7A. Conservative (First-Line)

  1. Pain Control

    • Acetaminophen (Paracetamol): Safe in all trimesters of pregnancy.

    • NSAIDs (e.g., Ibuprofen, Indomethacin): Generally used with caution and typically avoided in the 3rd trimester due to the risk of premature closure of the ductus arteriosus and other fetal complications.

    • Opioids: Reserved for severe pain when other measures are insufficient, under strict supervision.

  2. Rest & Hydration

    • Adequate hydration and bed rest can help reduce uterine irritability and contractions.

  3. Tocolytics (if preterm contractions occur)

    • Nifedipine: A calcium channel blocker that can reduce uterine contractions.

    • Indomethacin: An NSAID-based tocolytic, but typically avoided after 32 weeks of gestation.

    • Magnesium Sulfate: Sometimes used for neuroprotection of the fetus (in very preterm labor) and can have a tocolytic effect.

  4. Monitoring

    • Serial abdominal exams to ensure the pain and tenderness are improving.

    • Fetal monitoring to check for signs of distress or preterm labor.

    • Follow-up ultrasounds to evaluate fibroid size and resolution of degenerative changes.

7B. Surgical (Rare)

  1. Myomectomy

    • Surgical removal of fibroids is generally avoided during pregnancy due to the risk of severe hemorrhage and potential harm to the pregnancy.

    • It may be considered only in extreme cases where there is intractable pain unresponsive to medical management, or when uncontrolled hemorrhage threatens maternal hemodynamic stability.

  2. Cesarean Delivery with Concurrent Myomectomy

    • Sometimes performed at term or near term if the fibroid is subserosal or pedunculated and easily accessible.

    • However, the decision is individualized based on the size, location, and degree of fibroid vascularity.


 

8. Potential Complications

  • Preterm Labor: Excessive uterine irritability and contractions triggered by degenerating fibroids can lead to preterm cervical changes.

  • Chorioamnionitis (rare): In cases of severe infection secondary to necrotic tissue and infiltration by pathogens.

  • Acute Hemodynamic Instability: If a large fibroid bleeds significantly, resulting in hypovolemia.
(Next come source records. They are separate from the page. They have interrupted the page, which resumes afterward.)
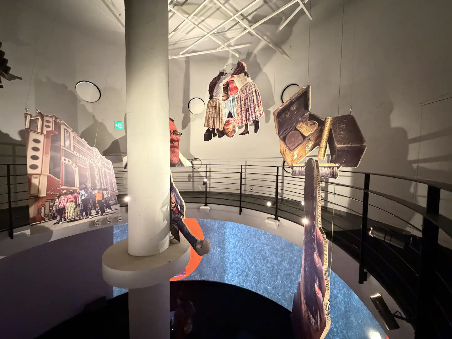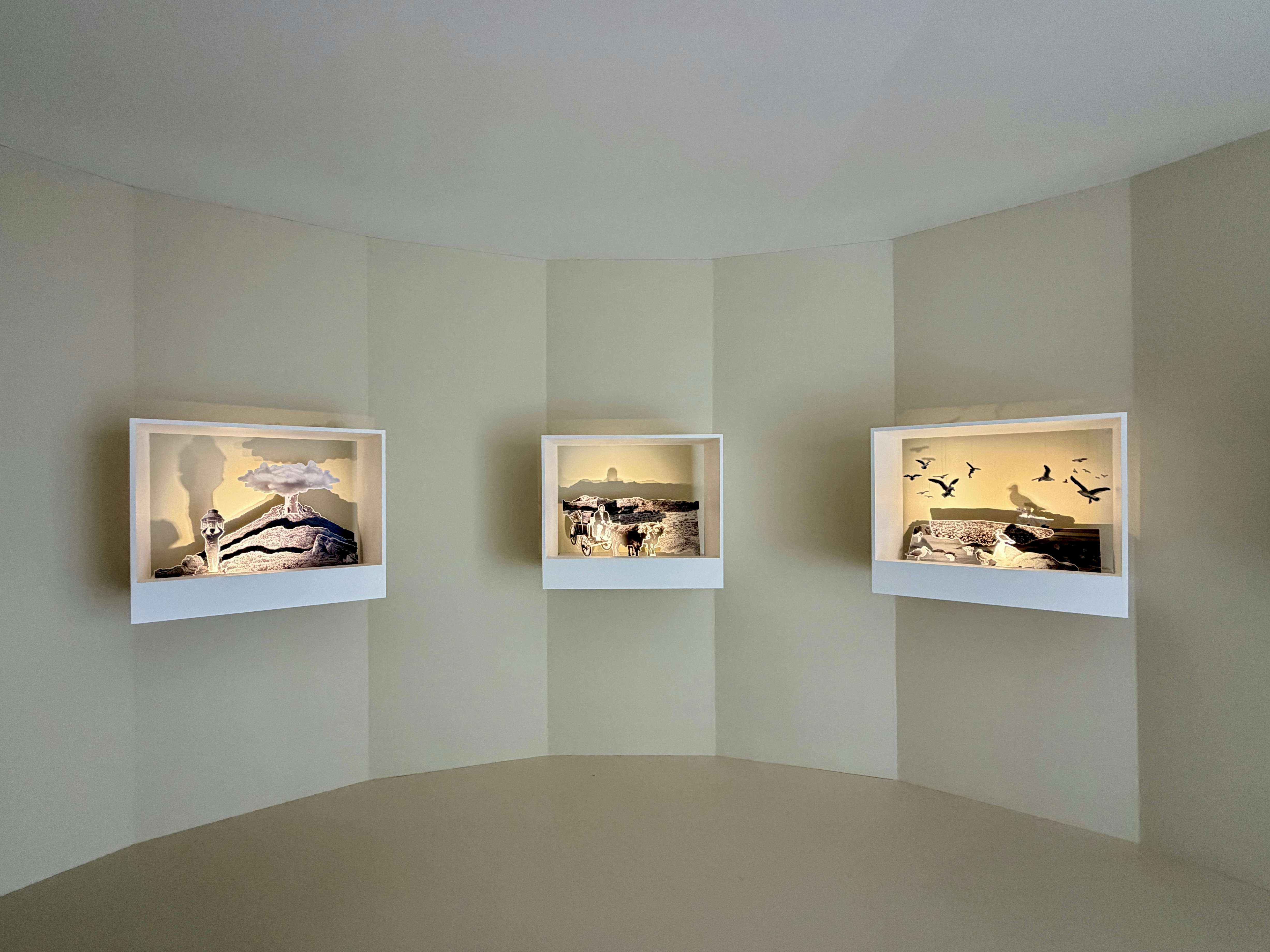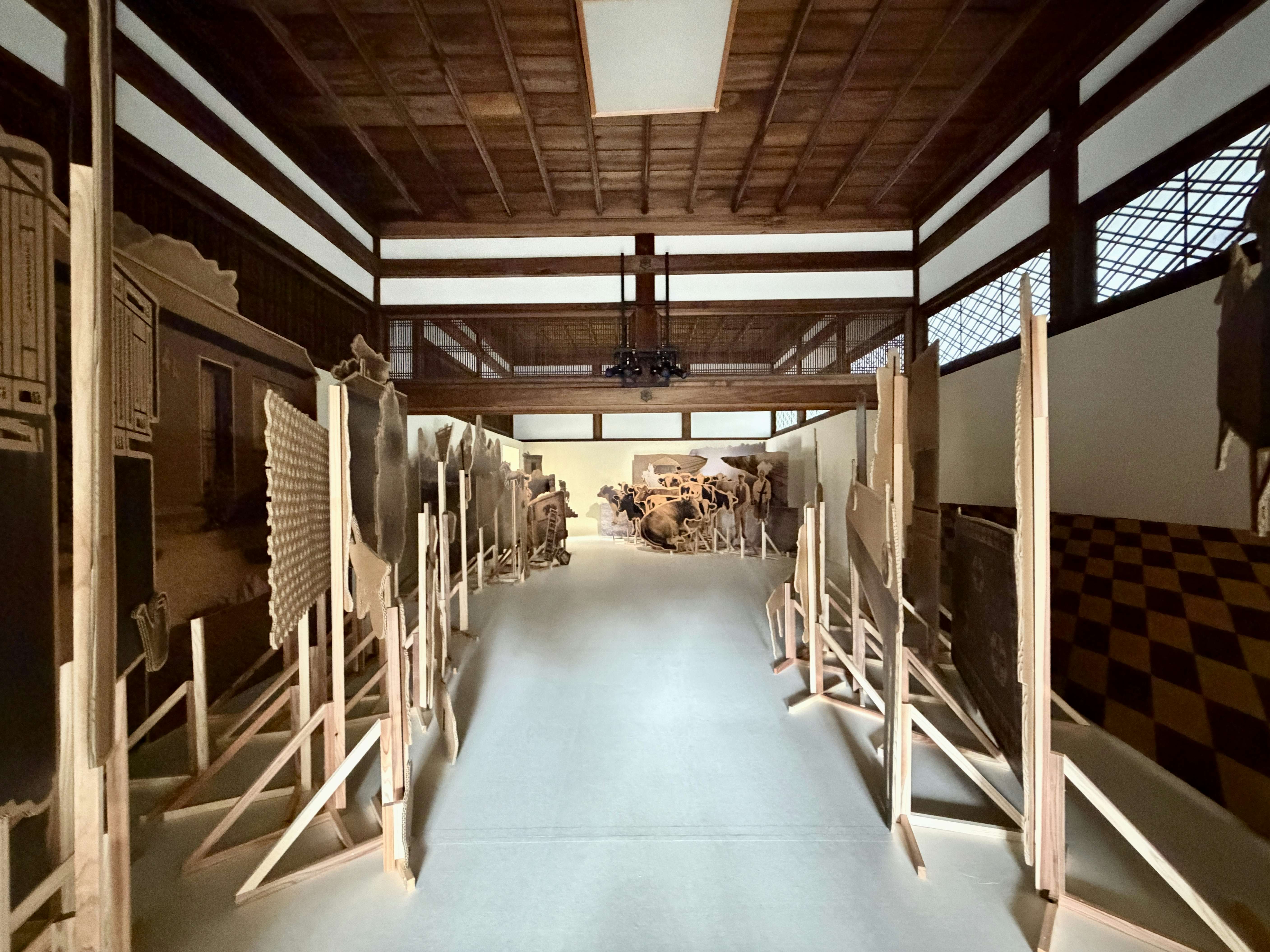 東本願寺の大玄関では、ハンイェにとって日本初の大規模個展となる「記憶のリハーサル」が展開される。展示は「Mosebetsi wa Dirithi」など4つのシリーズで構成。写真、シルエットのカットアウト、ライトボックスを用いたジオラマ、布のパッチワークなど多様なメディウムで展開される作品には、南アフリカ共和国の歴史、亡き母の記憶、そしてポストコロニアルの現実が重層的に絡み合う。
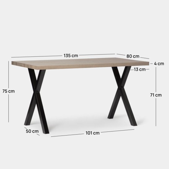 Mesa de jantar retangular 135 em madeira cor natural com perna metálica preta
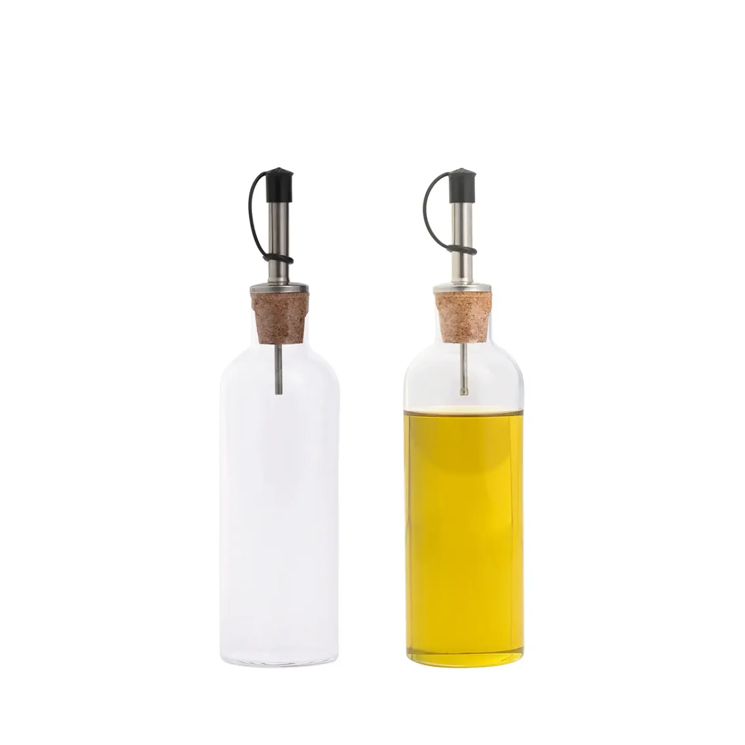 Dette sæt indeholder to flasker, der gør det nemt at opbevare olie og eddike separat i dit køkken. Hver flaske måler 5 x 20,5 cm og er fremstillet af glas med korkpropper og metaldetaljer, hvilket giver både funktionalitet og et naturligt udtryk på køkkenbordet.

  • Adverse Fetal Outcomes: Fetal growth restriction or abnormal fetal lie/presentation if large fibroids distort the uterine cavity.


 

9. Summary

Degenerative fibroids in pregnancy often undergo red (carneous) degeneration, which primarily presents with hemorrhage and significant pain. These complications arise from vascular compromise, leading to ischemia, venous thrombosis, and necrosis within the fibroid. The ensuing inflammatory response and local tissue breakdown exacerbate pain and can incite uterine contractions, posing risks such as preterm labor.Most cases are managed conservatively with pain control, rest, and, where necessary, tocolytics. Surgical intervention is rare but may be essential if there is uncontrolled hemorrhage or severe complications. A thorough differential diagnosis is crucial given the range of acute abdominal and pelvic pathologies in pregnancy. With vigilant management, outcomes for both mother and fetus are generally favorable.